We have had charitable fundraisers, security system salesmen, politicians and purveyors of religion appear at the door. Sometimes the traffic has been so heavy it's hard to imagine that we live on an island. I guess that suburban door to door 'visitors' are universal. Perhaps the oddest thing I've seen at the door was the week after Halloween of this year. Supper was on the go in the kitchen and darkness had fallen. The doorbell rang...

The Happy Vegetables.

I opened the door and three young people stood before me, ready to get into their spiel about Oxfam. I have nothing against this fine organization but their people were more than a little creepy showing up at the door, in the dark, dressed as vegetables. Seriously. One was a carrot, another was a celery and the third was a vegetable yet to be named. Note to Oxfam: it may be in the best interest of your fundraisers NOT to show up at people's doors dressed as food items at supper time. Their being a couple days late for Halloween didn't help the oddness of the encounter. I can't help but think of a Barbara Walters interview in this situation. "If you were a vegetable, what type of vegetable would you be?"
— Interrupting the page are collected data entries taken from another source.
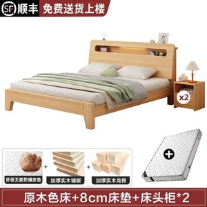 加厚原木床+8cm垫+2床头柜【入户安装】
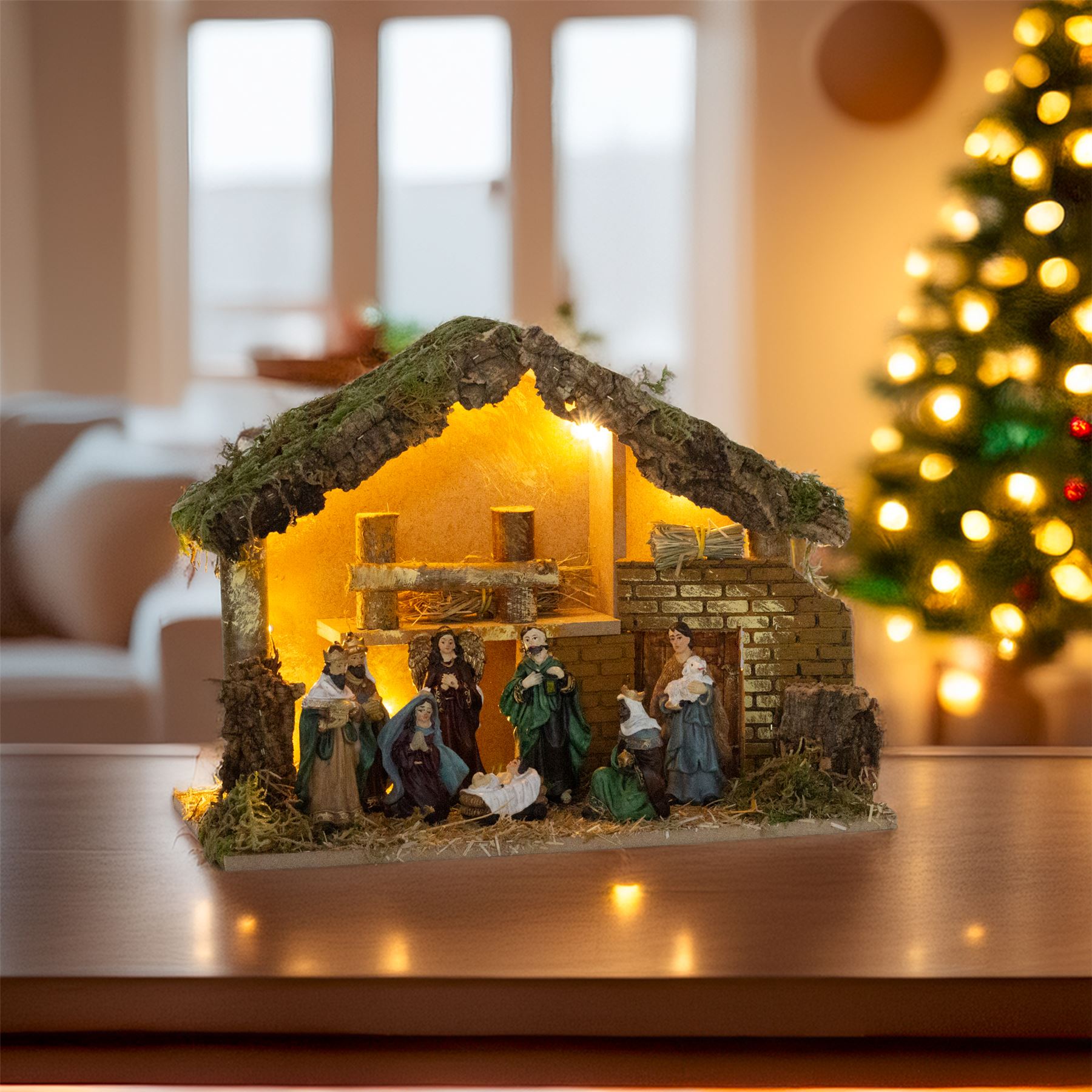 Add warmth and tradition to your Christmas with this LED wooden nativity stable. Crafted with moss and bark, featuring a light string and timer for a cosy festive glow
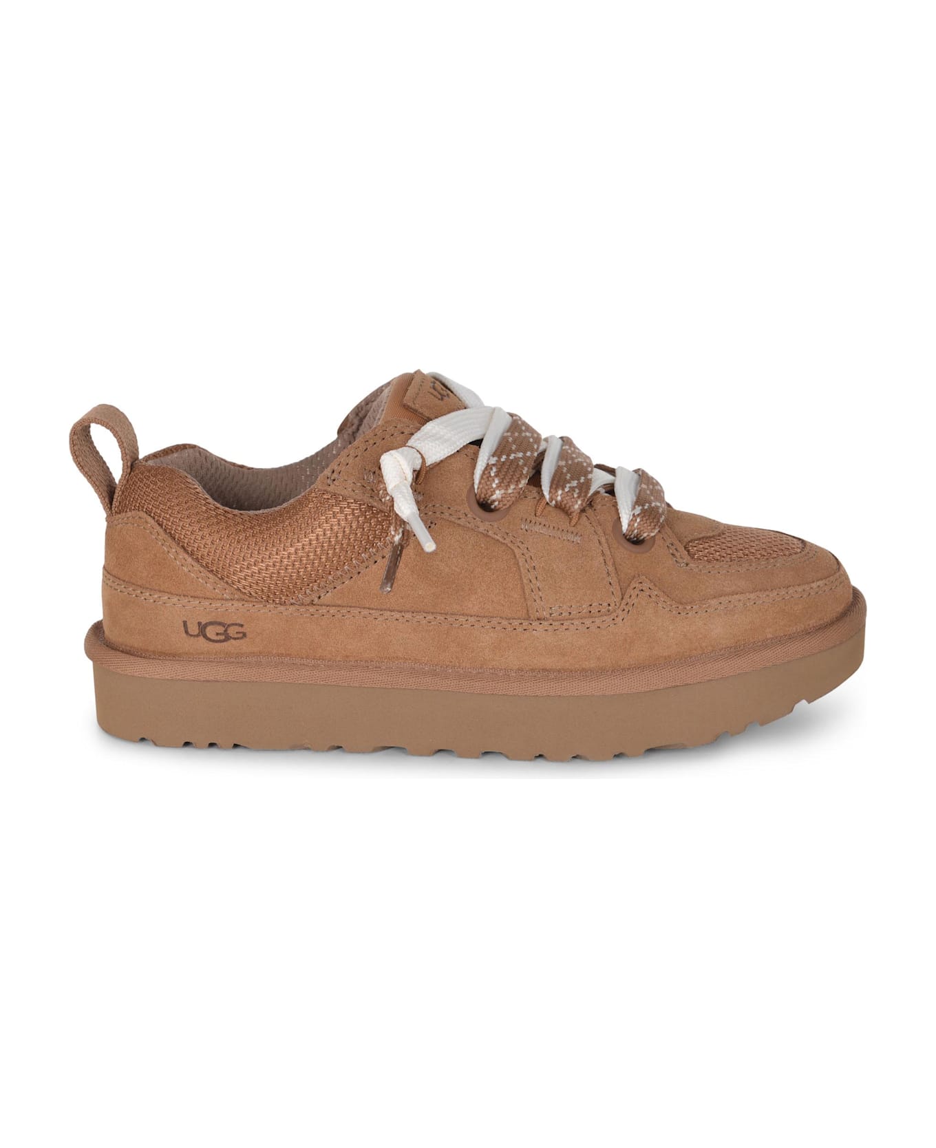 Ugg sneakers made of camel-colored suede. Round toe. Lace-up. Double color laces. Suede and woven canvas mesh upper. Heel strap. Oversized padded tongue with Logo. Contrasting logo lettering engraved on the side. EVA insole EVA sole 100% leather

What's the oddest person/thing that has appeared at YOUR door?

Wednesday, November 16, 2011

On Back Pain, Laziness and Lame Ass Excuses

OK...I suppose I left off on my last post with a bit of an ominous tone. And a cheesy grin.

Seriously, I'm doing great. Well...at least adequate.
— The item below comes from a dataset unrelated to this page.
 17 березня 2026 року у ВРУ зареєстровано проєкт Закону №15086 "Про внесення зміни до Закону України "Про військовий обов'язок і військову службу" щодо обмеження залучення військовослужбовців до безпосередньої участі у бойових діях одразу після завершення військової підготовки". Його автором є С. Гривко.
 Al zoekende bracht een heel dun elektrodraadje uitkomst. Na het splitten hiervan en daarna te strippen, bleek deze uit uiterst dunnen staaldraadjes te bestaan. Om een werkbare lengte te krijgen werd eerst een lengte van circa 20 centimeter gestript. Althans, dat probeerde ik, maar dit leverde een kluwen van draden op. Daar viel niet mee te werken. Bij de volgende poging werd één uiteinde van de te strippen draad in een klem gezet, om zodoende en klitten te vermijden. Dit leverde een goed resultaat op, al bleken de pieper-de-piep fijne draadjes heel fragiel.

I thought that I'd pop in and reassure the two or three readers I have left that I'm not pushing up daisies. Thanks for the concern shown via comments, phone and email.

In the past *checks back to when he last posted* 36 days I've managed to stay out of the hospital. The first couple of weeks of that time frame were taken up with my sister's visit from Edmonton. Our AHL hockey team began their season and I went to 5 home games in 11 nights.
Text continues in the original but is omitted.